In 2021, about 70K BTC flowed in over the year; now, it’s 100K BTC “weekly.” I repeat. 100K BTC weekly. pic.twitter.com/YJPJpMtMPL
— Ki Young Ju (@ki_young_ju) July 17, 2024
Young Ju believes this observation indicates increased institutional adoption. Also, he stated that whale wallets holding above 1000 BTC, including spot ETFs and custodial wallets, accumulated 1.45 million BTC this year.
According to Ki Young Ju, these whale movements are not internal transfers from existing custodial wallets.
Moreover, the balance of old whale wallets (greater than 155 days) has not decreased, while that of new whales (less than 155 days) has increased. These new whales now hold approximately 1.8 million BTC, 9% of the circulating supply.
This is not internal shuffling from existing custodial wallets.
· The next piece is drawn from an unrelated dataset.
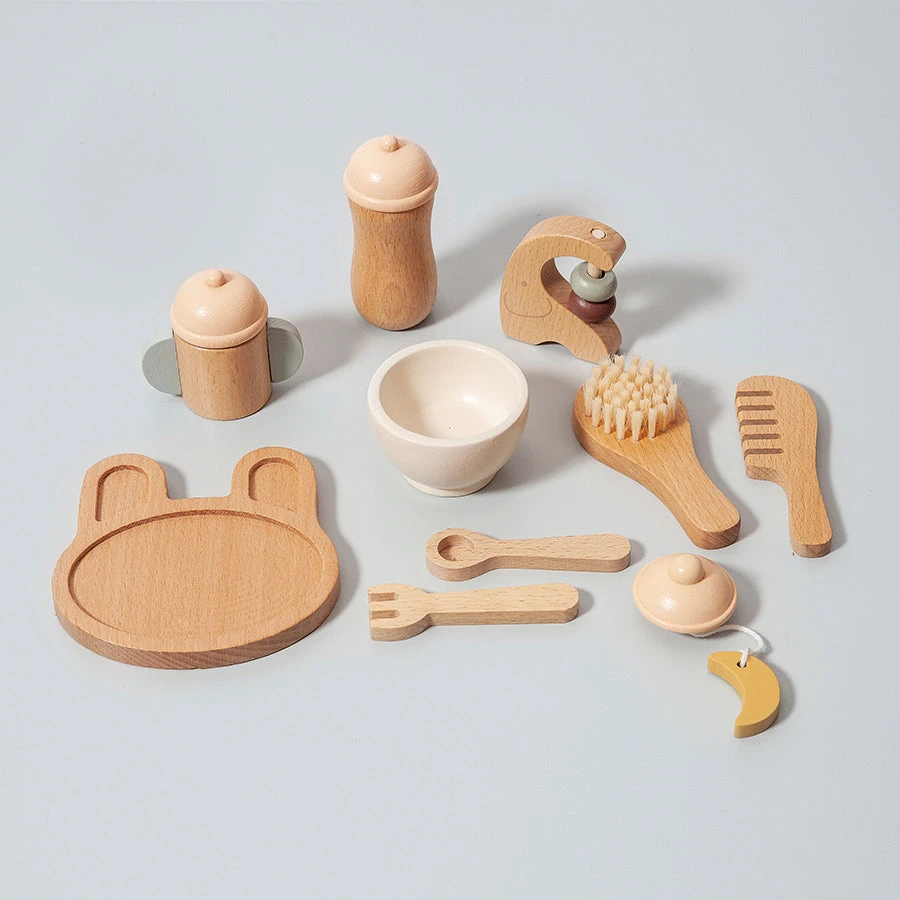 De set bestaat uit een bord met oortjes 10.7 x 11 cm, flesje van 9 x 4 cm, kommetje en bestek en een tuitbeker zodat de pop lekker kan eten. Een houten borstel met zachte haren, kam, rammelaar en speen met speenkoord maakt deze poppenverzorgingsset compleet.Â

The balance of old whale wallets(>155d) hasn’t decreased, while the balance of new whale wallets(pic.twitter.com/FnIbP1bd2H
— Ki Young Ju (@ki_young_ju) July 17, 2024
Young Ju recalled that in 2021, there were around 70,000 BTC inflows. This has improved, and currently, approximately 100,000 BTC is accumulated weekly.
Also, Young Ju revealed that approximately 16,800 BTC inflows went into Spot ETFs last week. The Spot ETFs recorded low outflow volume compared to previous weeks.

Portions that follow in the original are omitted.